On Tue, Mar 03, 2009 at 06:15:32AM +0100, Andreas Fink wrote:
Sorry folks but now you go off the planet. If one thinks an embedded device can't do IPv6 because of CPU load, think again. An Wireless access point using OpenWRT does support IPv6 and just works. I can't remember how slow those boxes are but their speed is just enough to cope with ethernet and wlan.
Main problem with consumer electronics is that chinese and taiwanese companies are unable to design HW or SW so they buy in some reference design with a crapy OS on them, rebrand the administration homepage and design a plastic housing for them. They don't care about features as long as the few million pieces they build are getting sold.
Byteswapping of addresses and netmasks takes like a nanosecond on the systems which require swapping. So dont waste your time on that. CRC checking is way more CPU intensive on TCP but that's done nowadays in hardware on the ethernet card on modern systems and its the same for IPv4 and IPv6.

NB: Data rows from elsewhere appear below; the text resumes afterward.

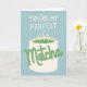 Ce design moderne et minimaliste de thé vert matcha présente un jeu de mots mignon et drôle sur les mots 'tu es mon parfait accord'. Ce design amusant sur le thème de la nourriture peut être utilisé pour un anniversaire ou la Saint-Valentin pour vos proches, partenaire, petit ami ou petite amie et utilise des couleurs bleues et vertes.
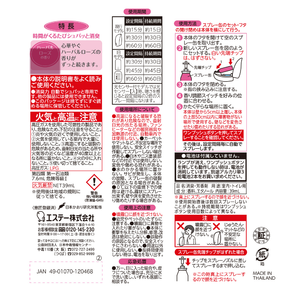 【消臭剤】自動でシュパッと消臭プラグ つけかえ ハーバルローズの香り
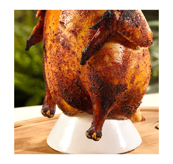 Приспособление от Big Green Egg для приготовления ароматной птицы — керамическая вертикальная подставка. С её помощью Вы получите идеально прожаренную курицу с аппетитной хрустящей корочкой. Кроме того в полость подставки можно налить пиво, вино или фруктовый сок для придания блюду дополнительного аромата.
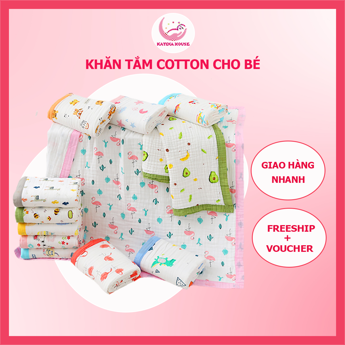 Kích thước khăn cho bé: 90x110cm ( +- 3-5cm )
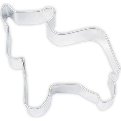 Vykrajovátko na cukroví ve tvaru kravičky s rozměry 4,6 x 4,8 cm.
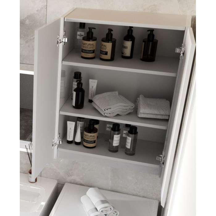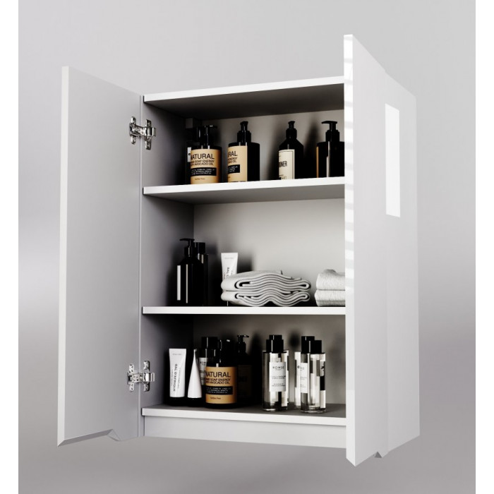 Подвесной шкаф Style Line Марелла мини 600 Люкс антискрейтч белый глянец, PLUS СС-00002422 МДФ Пленка подвесной с полками 2 года Россия ПШ "Марелла мини 600" — это стильный и функциональный подвесной шкаф для ванной комнаты, выполненный в белом глянцевом цвете с антискретч покрытием, которое защищает поверхность от царапин и повреждений. Модель компактного размера (600 мм) идеально подходит для небольших пространств. Оснащённая удобной системой хранения, эта подвесной шкаф поможет организовать в ванной комнате порядок и комфорт. Изготовленная из влагостойкого МДФ, она сочетает в себе эстетику, практичность и долговечность.

And most hardware checksumming on modern ethernet cards is broken. Only the very last Broadcom and Intel cards include an IPv4 and IPv6 checksumming that seems works. Most other cards either don't support IPv6 or fail horribly in edge cases. I would be happy if those HW vendors actually manage to create a correctly working DMA engine without stupid limitations but ethernet chips seem to be designed by interns.